Algunos de los discípulos de nuestro Señor eran espectadores (Juan, por lo menos, era uno de ellos), y verdaderamente habrían estado encantados de llevar la cruz por él. Debemos suponer que se vieron impedidos de ofrecer sus servicios por miedo a que se les considerara como una interferencia con los oficiales de la ley. Sin embargo, en la emergencia, los soldados encontraron a un paisano en la ruta a quien obligaron a llevar la cruz tras Jesús. Esta expresión pudo significar caminar tras él, para aliviarle de parte de la carga; o pudo significar que él llevara toda la carga mientras el Señor caminaba delante. Pero sabemos que esta tarea impuesta a Simón era un privilegio muy precioso. ¡Cuántos de los seguidores del Señor desde entonces casi le han envidiado la oportunidad que disfrutó! La tradición dice que Simón llegó a ser cristiano, que su nombre era conocido por el apóstol Juan y también la parte del país de donde procedía. La mención de los nombres de sus hijos corrobora la tradición. Marcos 15:21

Mientras simpatizamos con nuestro Señor y pensamos en cómo habríamos disfrutado ayudándole a llevar su cruz, no debemos olvidar a este respecto dos privilegios que nos ha concedido. En primer lugar, nos dice que si queremos seguirle como discípulos suyos, podemos compartir con él el llevar la cruz de este tiempo presente: "El que quiera ser mi discípulo, que tome su cruz y me siga". Entonces, después de creer en el Señor, y ser justificados por la fe, y tener paz con Dios, y realizar el perdón de nuestros pecados, se nos invita a hacer una consagración completa de nosotros mismos, a tomar nuestra cruz, a cruzar nuestras propias voluntades y hacer la voluntad del Señor, que es la voluntad del Padre que lo envió. ¿Apreciamos suficientemente el privilegio de tomar nuestra cruz cada día? ¿Seguimos llevando la cruz? ¿Nos hemos propuesto, por la gracia del Señor, seguir llevándola hasta el final del camino, hasta que, como él, podamos decir: "Consumado es", la obra que se nos ha encomendado, el privilegio de dar testimonio de la Palabra de verdad con la palabra y con la conducta diaria?

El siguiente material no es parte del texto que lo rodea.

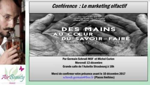Je partage le plaisir et l’honneur avec Michel Curien, de vous inviter à notre conférence sur l’application du marketing Olfactif, dans le cadre de la prestigieuse exposition des MOF à l’AUBETTE place Kleber le 13 décembre 2017 à 18H.

La segunda forma de llevar la cruz es ayudar a los demás que, como miembros del Cuerpo de Cristo, son sus representantes en el mundo. Cuando veamos a alguno de ellos con cruces demasiado pesadas para llevar, cruces bajo las cuales probablemente se hundirá o ya se ha hundido, pensemos en el Maestro y en cómo codiciamos el privilegio de ayudarle a llevar sus cargas, y oigamos su voz asegurándonos que lo que se hace a uno de sus discípulos más pequeños en su nombre, se le hace a él. ¡Oh, cuántas palabras de ayuda significaría esto para muchos de los agobiados y débiles del Pequeño Rebaño del Señor! ¡Oh, cuántas copas de bondad implicaría! ¡Cuánto daría de alegría y consuelo a algunos de aquellos a quienes el Señor reconoce como miembros de su Cuerpo! Así como un miembro de nuestro cuerpo ayuda a otro miembro en apuros, así sucede en el Cuerpo de Cristo. Todos los miembros deben sostenerse unos a otros, fortalecerse unos a otros, consolarse unos a otros, refrescarse unos a otros y, en general, prepararse unos a otros para la gloriosa consumación de nuestras esperanzas en el Reino.

 

UNA MIRADA AL CRUCIFICADO

Se enumeran numerosos detalles relacionados con la crucifixión. La hora era la tercera, las nueve, según Marcos, pero la sexta o el mediodía según Juan. La discrepancia se explica por la falta de exactitud oriental; o Marcos puede haberse referido al hecho de que la sentencia fue pronunciada en la tercera hora, mientras que el registro de Juan tiene que ver con el momento en que nuestro Señor estaba realmente en la cruz, después del lento viaje, la fijación a la cruz, y la elaboración y la fijación de la tabla que indica la acusación contra nuestro Señor, "Este es Jesús de Nazaret, el Rey de los Judios", y luego el posterior levantamiento de la cruz con Jesús en ella, todo lo cual ocuparía un período bastante considerable de tiempo, probablemente casi o bastante tres horas.

 "Este es Jesús de Nazaret, el Rey de los Judios"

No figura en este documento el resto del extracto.